Brand Obama vs. Brand McCain: Special election-day rantathon
CANDIDATES USE SOCIAL MEDIA TO RE-ENERGIZE US POLITICS Could this be the dawn of a new political era of citizen involvement in politics? I ...4 Nov 2008 2728 Views
CANDIDATES USE SOCIAL MEDIA TO RE-ENERGIZE US POLITICS
Could this be the dawn of a new political era of citizen involvement in politics? I blogged earlier about the role of social media in this election, specifically the way that Obama has so masterfully used social media to both connect and rally voters. Now as campaign 2008 draws to a close, we can see that social media has played a significant and expanded role in deciding the presidency.
Nearly half of all Americans (46%) have used the internet, email, or cell-phone text messaging to get news about the presidential campaign, share their views, or mobilize others, according to a new survey by the Pew Internet & American Life Project.
The role of social media seems to have increased two-fold since the last election. The proportion of Americans going online on a typical day at the tail end of the primary season to get political news or information more than doubled compared with a comparable point in the 2004 race – from 8% of all adults in Spring 2004 to 17% in Spring 2008.
Moreover, 28% of wired Americans say the internet makes them feel more personally connected to the campaign and 22% say that they would not be as involved in the campaign if not for the internet. This is a positive development which can perhaps account in some part for the greater turnouts expected today.
“22% say that they would not be as involved in the campaign if not for the internet”
Democracy is all about grassroots activation and the internet has been a catalyst in that respect. Online activism using social media has shown significant growth over the course of this election.
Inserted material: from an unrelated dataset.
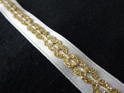 サテンテープにスパンコールが縫いつけてある形のスパンコールテープです。手芸・リメイク等、制作段階で大変扱いやすいのがこの商品の特徴です。また白のサテンテープに金のスパンコールが縫いつけてあるシンプルな構成のスパンコールテープのため、作品のイメージを崩しません。
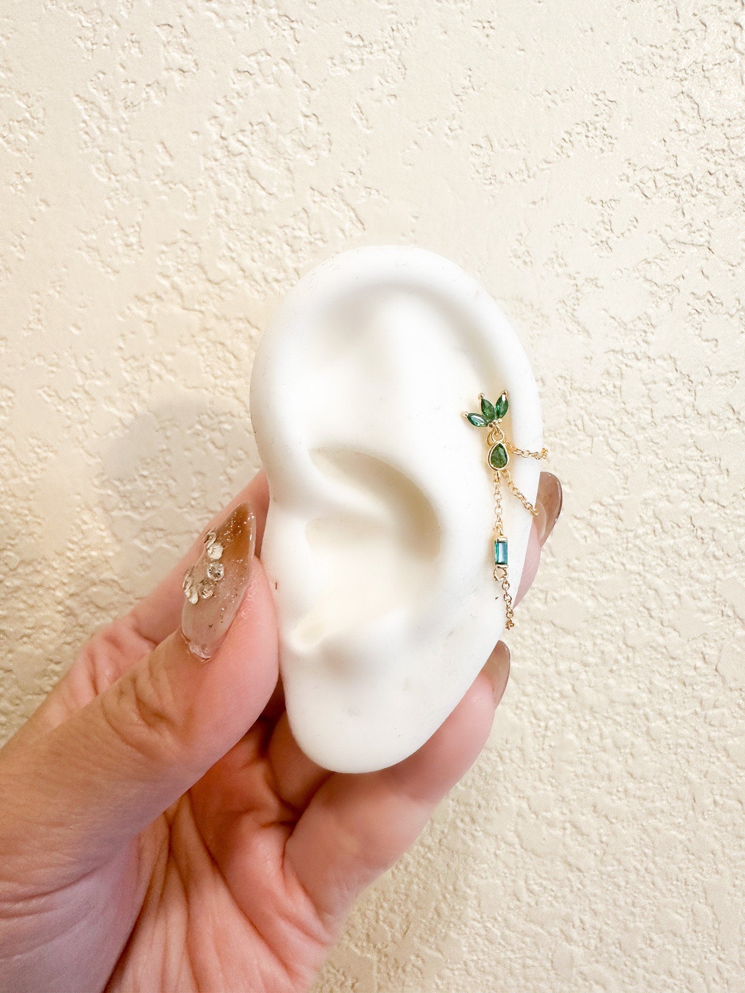 Dainty Triple Chain Helix Piercing, cartilage piercing 20g, hoop huggies, body piercing, chain earrings, helix hoops, minimalist

- 11% of Americans have contributed to the political conversation by forwarding or posting someone else’s commentary about the race.
- 5% have posted their own original commentary or analysis.
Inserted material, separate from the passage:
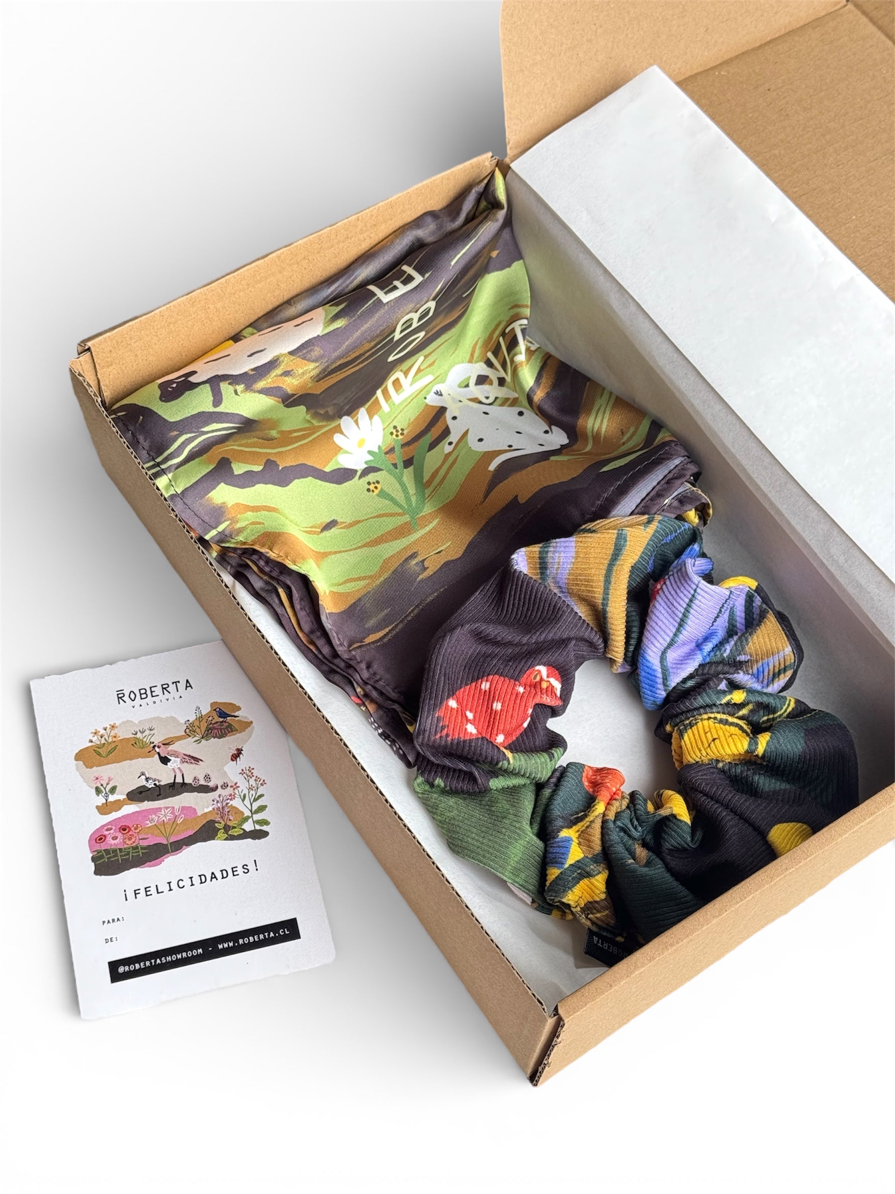 Incluye un pañuelo de 70 x 70 cm y un scrunchie a juego, ambos en nuestro estampado Paisaje Negro.

- 6% have gone online to donate money to a candidate or campaign.
- Young voters are helping to define the online political debate; 12% of online 18-29 year old’s have posted their own political commentary or writing to an online newsgroup, website or blog.
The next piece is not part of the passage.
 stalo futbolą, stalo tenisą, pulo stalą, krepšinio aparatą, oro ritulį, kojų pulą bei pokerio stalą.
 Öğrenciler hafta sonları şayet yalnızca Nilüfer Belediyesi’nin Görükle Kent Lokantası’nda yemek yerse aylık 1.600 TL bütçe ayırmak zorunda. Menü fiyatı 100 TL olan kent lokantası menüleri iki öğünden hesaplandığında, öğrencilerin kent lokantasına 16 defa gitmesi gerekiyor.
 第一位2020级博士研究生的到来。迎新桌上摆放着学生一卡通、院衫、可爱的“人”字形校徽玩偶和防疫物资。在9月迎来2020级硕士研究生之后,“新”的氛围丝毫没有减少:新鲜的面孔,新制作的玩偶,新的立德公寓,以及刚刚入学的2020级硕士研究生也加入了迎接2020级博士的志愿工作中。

Younger voters and Democrats make more use of online media to consume and share political information, the study also found. It’s important to note, however, that those “young voters” will be 4 years older next election followed by a new generation of voters who will be even more socially wired.
Among the findings from Pew’s telephone survey of internet users and non-users:
- 40% of all Americans have gotten news and information about this year’s campaign from the internet.
- 19% of Americans go online once a week or more to do something related to the campaign, and 6% go online daily to engage politically.
- 23% say once a week or more they receive emails that urge them to support a candidate or discuss the campaign.
- 10% use email once a week or more to contribute to the political debate.
- 4% have exchanged political views via text messaging.
So how did the candidates stack up in their use of Social Media? Thanks to Jeremiah Owyang, Sr. Analyst at Forrester Research, for providing these stats:
Internet Usage in the United States
United States Population: 303,824,646
Internet Usage: 220,141,969
Penetration rate: 72.5%
Growth from 2000-2008: 130.9%
Stats from Internet WorldStats (Census, Nielson)
Obama: 1792 videos uploaded since Nov 2006, Subscribers: 114,559 (uploads about 4 a day), Channel Views: 18,413,110
McCain: 329 videos uploaded since Feb 2007 (uploads about 2 a day), Subscribers: 28,419, Channel Views: 2,032,993
Obama has 403% more subscribers than McCain. Obama has 905% more viewers than McCain
While is seems clear that Obama outperformed McCain online, McCain must be given credit for participating in social media, albeit not as effectively as his opponent. In any case, the numbers would indicate that even in its early days, social media will have played a role in the outcome of this campaign.
For me the most exciting part is that social media seems to have enabled millions to play a more active role in the campaign. In a country where voter apathy has been a chronic problem for decades, social media seems to have engaged people in politics in a way I have never witnessed before. I think in many cases it reaffirmed people’s belief that every voice counts, and that’s good news for any democracy.